EXTRACTED ENTRIES:
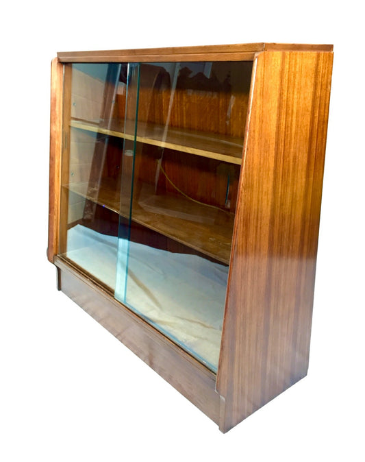 Antique Mid Century 1950s Wooden Display Bookcase Cabinet with Glazed Doors
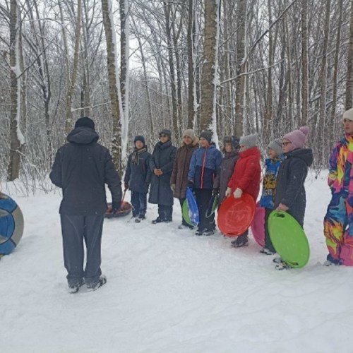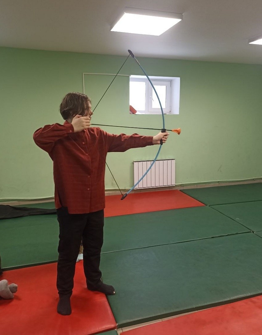 Во второй день, катались с горки на ватрушках и ледянках, тренировались в разборке-сборке автомата Калашникова, упражнялись в стрельбе из лука.
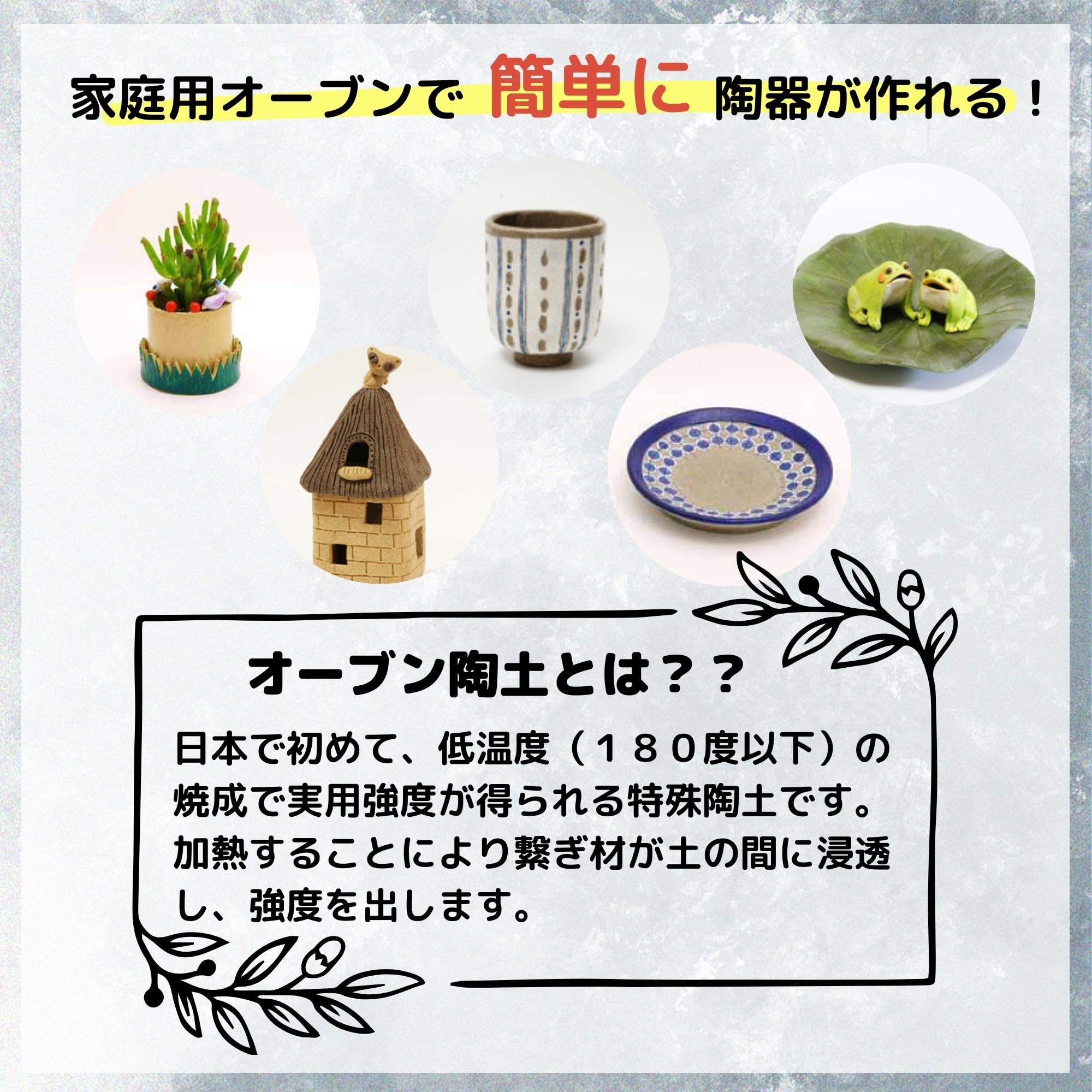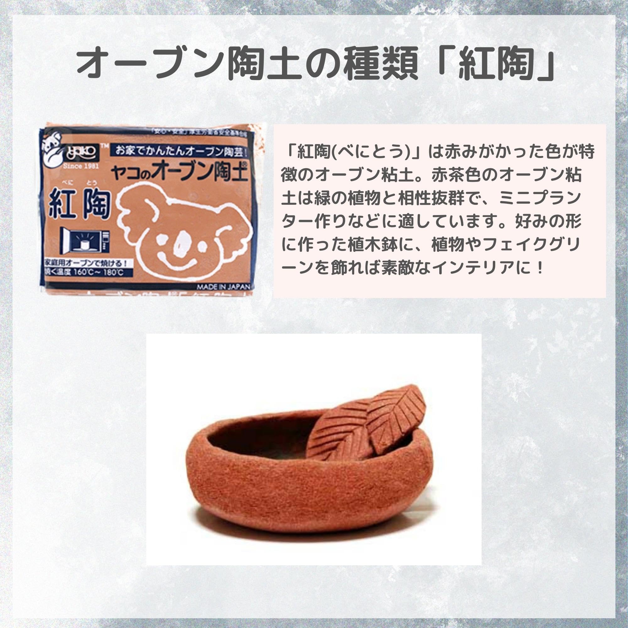 "「紅陶(べにとう)」は赤みがかった色が特徴のオーブン粘土。赤茶色のオーブン粘土は緑の植物と相性抜群で、ミニプランター作りなどに適しています。 「黒木節」は工作用オーブン陶土と性状は同一で、お互いにまぜて使用することができます。瀬戸産の黒木節粘土を使用しているため焼き上がりは濃茶になり、シックな仕上がりの作品が作れます。"
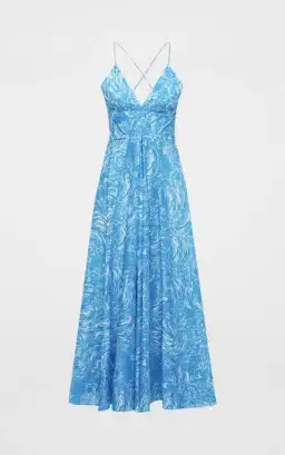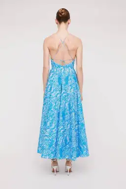 Scanlan Theodore Cotton Ocean Dress with Shoestring Crossover Straps Blue
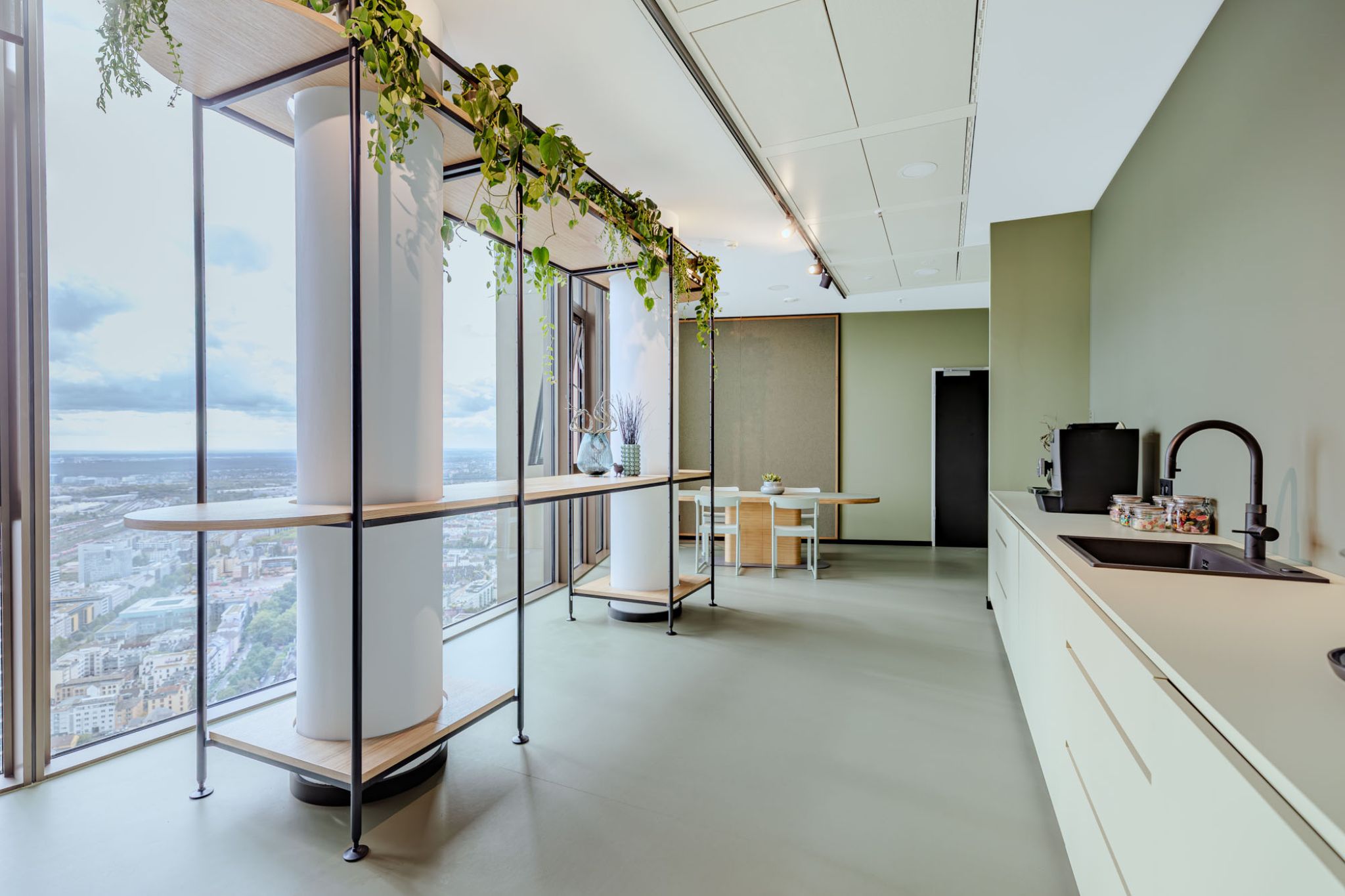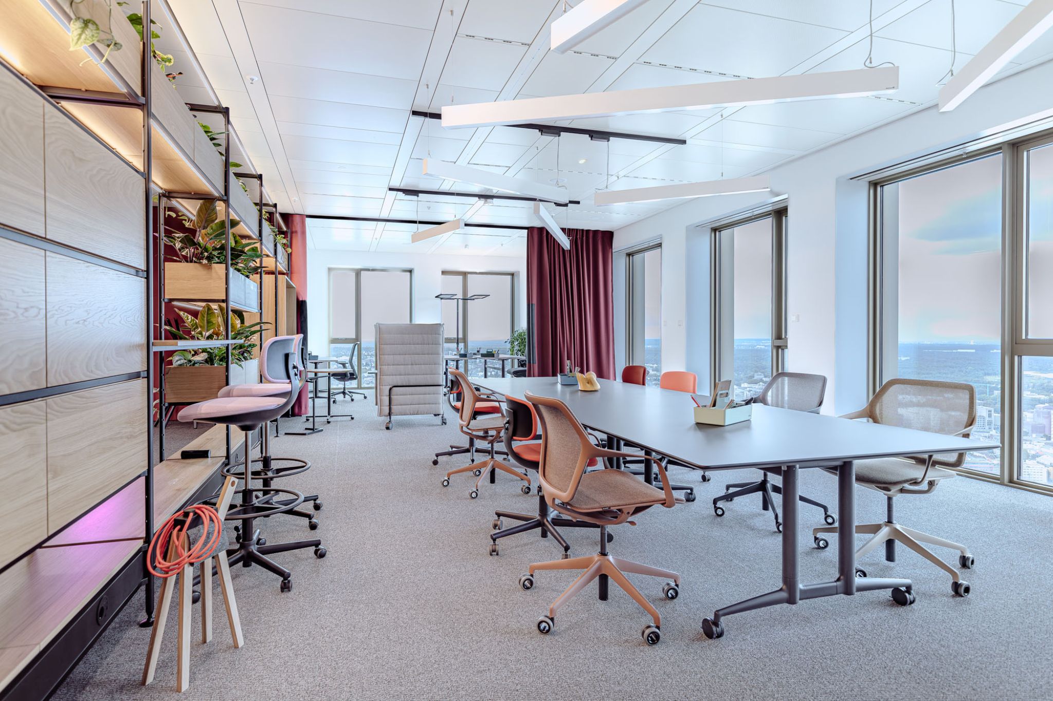 A unique experience space has been created by raumagentur with nest185 in Tower 185 in Frankfurt. Located high up on the 45th floor, it not only offers a stunning view over the city but also introduces a pioneering office concept that focuses on interaction, creativity, and flexibility. Equipped with our modular Omnio Office system and the innovative Grid 50 support structure, nest185 showcases an inspiring work environment that dynamically adapts to diverse needs.
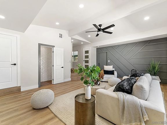 Prestigiously situated in the highly desired Serra Mesa community, this meticulously remodeled 4 bed, 2.5 bath home with a vaulted ceiling great room, new roof, and a custom-tiled private entrance corridor is all you could ever imagine. Complete with a top-to-bottom remodel, this gorgeous home presents designer luxury vinyl flooring, new windows, stainless steel appliances, euro-luxe soft-close cabinets, quartz countertops, custom tile work in kitchens and bathrooms, and exterior, new drought landscaping with succulents and turf and so much more. This beauty is a newly imagined perspective in this classic San Diego community, centrally located to freeways, schools, shopping, and dining. Start your next chapter in a home that truly pays testament to humble design and practical functionality.

EXERCISE BRIEF:
Return the records above exactly as written. Do not include their images.

WRITTEN ANSWER:
 Antique Mid Century 1950s Wooden Display Bookcase Cabinet with Glazed Doors
 Во второй день, катались с горки на ватрушках и ледянках, тренировались в разборке-сборке автомата Калашникова, упражнялись в стрельбе из лука.
 "「紅陶(べにとう)」は赤みがかった色が特徴のオーブン粘土。赤茶色のオーブン粘土は緑の植物と相性抜群で、ミニプランター作りなどに適しています。 「黒木節」は工作用オーブン陶土と性状は同一で、お互いにまぜて使用することができます。瀬戸産の黒木節粘土を使用しているため焼き上がりは濃茶になり、シックな仕上がりの作品が作れます。"
 Scanlan Theodore Cotton Ocean Dress with Shoestring Crossover Straps Blue
 A unique experience space has been created by raumagentur with nest185 in Tower 185 in Frankfurt. Located high up on the 45th floor, it not only offers a stunning view over the city but also introduces a pioneering office concept that focuses on interaction, creativity, and flexibility. Equipped with our modular Omnio Office system and the innovative Grid 50 support structure, nest185 showcases an inspiring work environment that dynamically adapts to diverse needs.
 Prestigiously situated in the highly desired Serra Mesa community, this meticulously remodeled 4 bed, 2.5 bath home with a vaulted ceiling great room, new roof, and a custom-tiled private entrance corridor is all you could ever imagine. Complete with a top-to-bottom remodel, this gorgeous home presents designer luxury vinyl flooring, new windows, stainless steel appliances, euro-luxe soft-close cabinets, quartz countertops, custom tile work in kitchens and bathrooms, and exterior, new drought landscaping with succulents and turf and so much more. This beauty is a newly imagined perspective in this classic San Diego community, centrally located to freeways, schools, shopping, and dining. Start your next chapter in a home that truly pays testament to humble design and practical functionality.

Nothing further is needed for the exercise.